Input material:
━━━━

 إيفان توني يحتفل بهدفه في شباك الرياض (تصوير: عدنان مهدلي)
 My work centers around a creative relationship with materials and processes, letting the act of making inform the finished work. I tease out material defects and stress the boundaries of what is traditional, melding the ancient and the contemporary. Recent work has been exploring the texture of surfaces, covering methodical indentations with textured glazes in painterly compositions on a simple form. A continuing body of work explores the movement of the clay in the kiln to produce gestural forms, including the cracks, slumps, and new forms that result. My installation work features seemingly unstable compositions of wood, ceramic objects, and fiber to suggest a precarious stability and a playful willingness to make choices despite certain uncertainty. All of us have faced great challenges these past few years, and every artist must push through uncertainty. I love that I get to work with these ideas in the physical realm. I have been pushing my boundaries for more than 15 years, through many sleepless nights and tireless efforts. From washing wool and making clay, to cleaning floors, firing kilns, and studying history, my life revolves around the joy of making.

━━━━

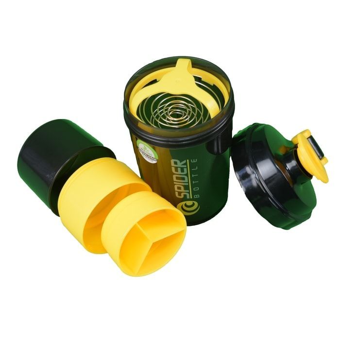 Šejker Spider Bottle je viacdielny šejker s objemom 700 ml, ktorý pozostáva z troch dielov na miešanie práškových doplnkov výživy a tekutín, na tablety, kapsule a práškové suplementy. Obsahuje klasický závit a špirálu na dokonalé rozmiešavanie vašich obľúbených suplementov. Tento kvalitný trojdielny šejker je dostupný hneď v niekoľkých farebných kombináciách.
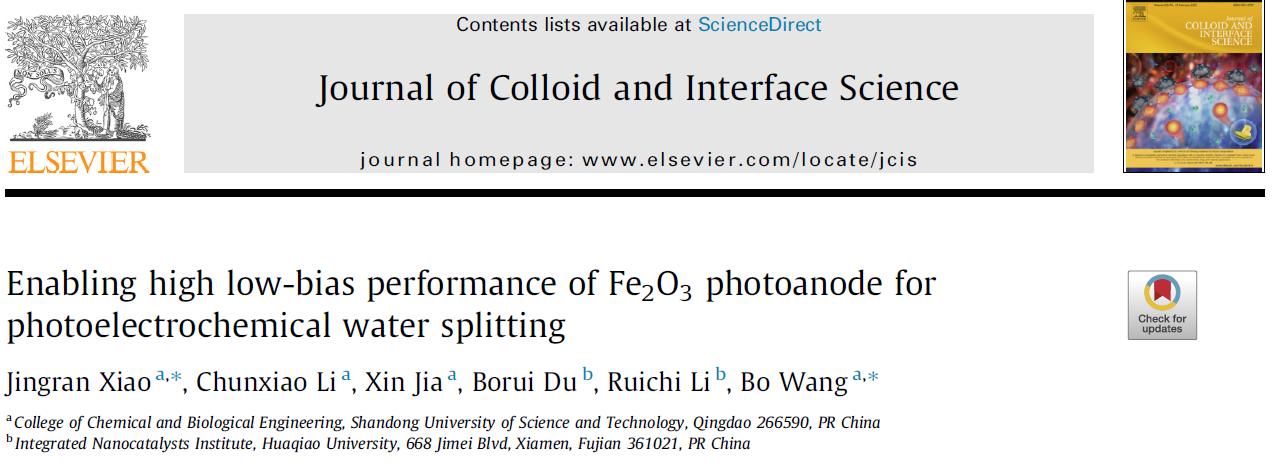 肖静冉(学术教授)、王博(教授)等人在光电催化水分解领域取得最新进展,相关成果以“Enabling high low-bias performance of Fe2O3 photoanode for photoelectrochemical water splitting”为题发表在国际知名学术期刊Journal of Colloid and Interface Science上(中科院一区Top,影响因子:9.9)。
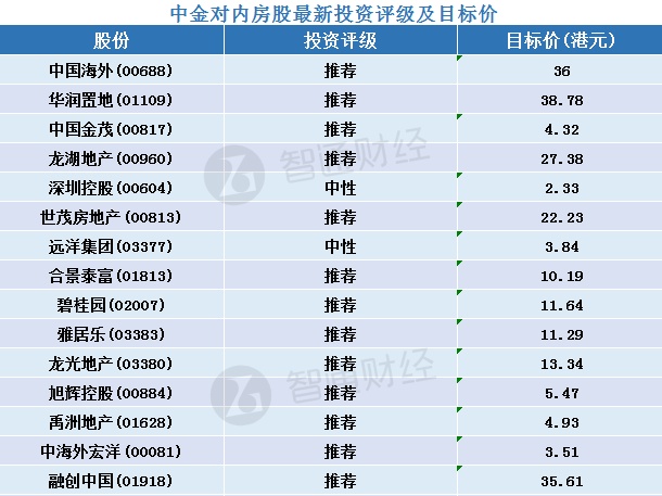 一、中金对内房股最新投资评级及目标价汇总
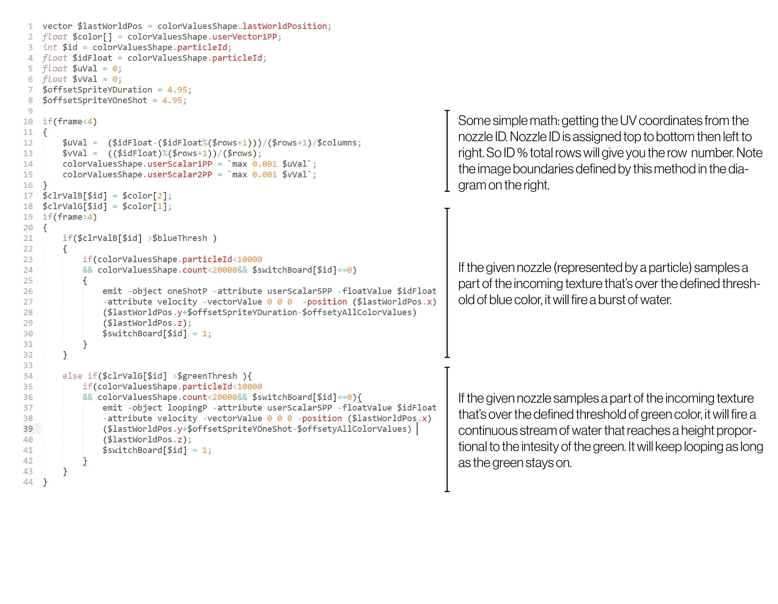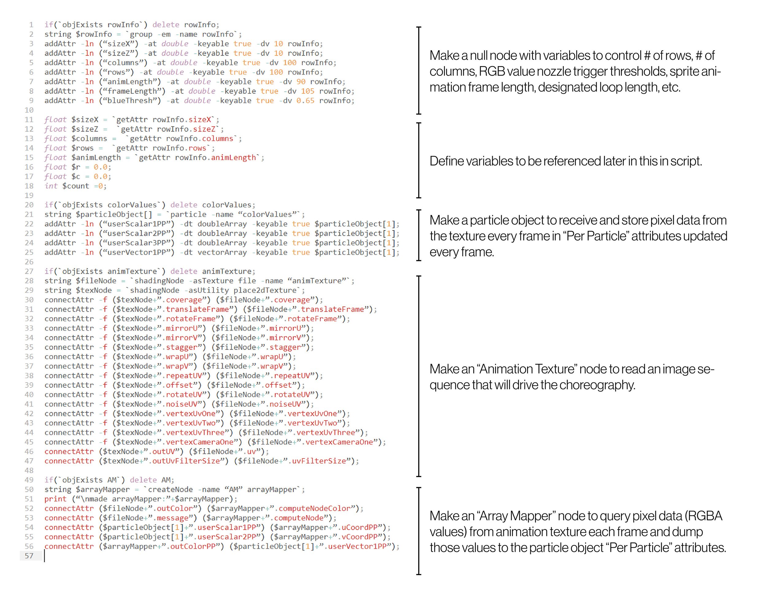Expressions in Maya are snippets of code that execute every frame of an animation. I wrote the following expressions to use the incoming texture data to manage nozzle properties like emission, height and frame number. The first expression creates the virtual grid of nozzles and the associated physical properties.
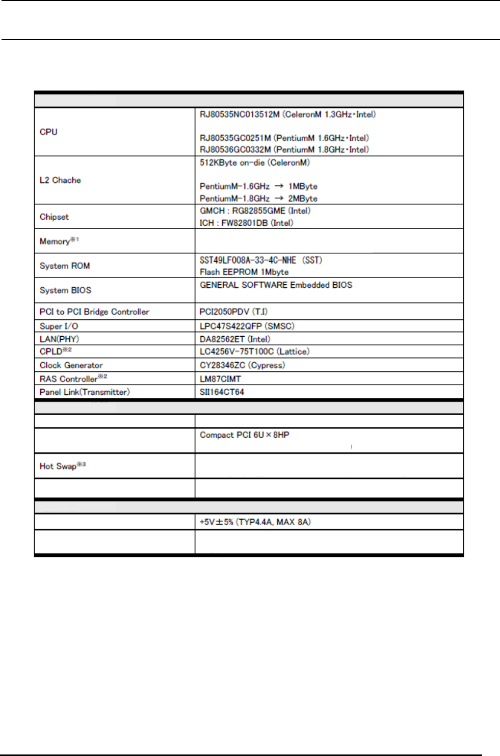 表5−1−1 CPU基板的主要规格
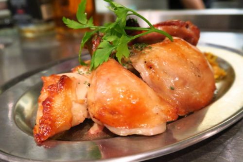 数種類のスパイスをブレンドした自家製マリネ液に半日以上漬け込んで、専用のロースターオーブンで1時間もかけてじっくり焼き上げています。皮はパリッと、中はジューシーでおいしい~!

━━━━

Look above for the line with "and Interface Science上(中科院一区Top,影响因子:9.9)。" and the line with "一、中金对内房股最新投资评级及目标价汇总". Copy them and every line between, exactly, but no pictures.

Task output:
 肖静冉(学术教授)、王博(教授)等人在光电催化水分解领域取得最新进展,相关成果以“Enabling high low-bias performance of Fe2O3 photoanode for photoelectrochemical water splitting”为题发表在国际知名学术期刊Journal of Colloid and Interface Science上(中科院一区Top,影响因子:9.9)。
 一、中金对内房股最新投资评级及目标价汇总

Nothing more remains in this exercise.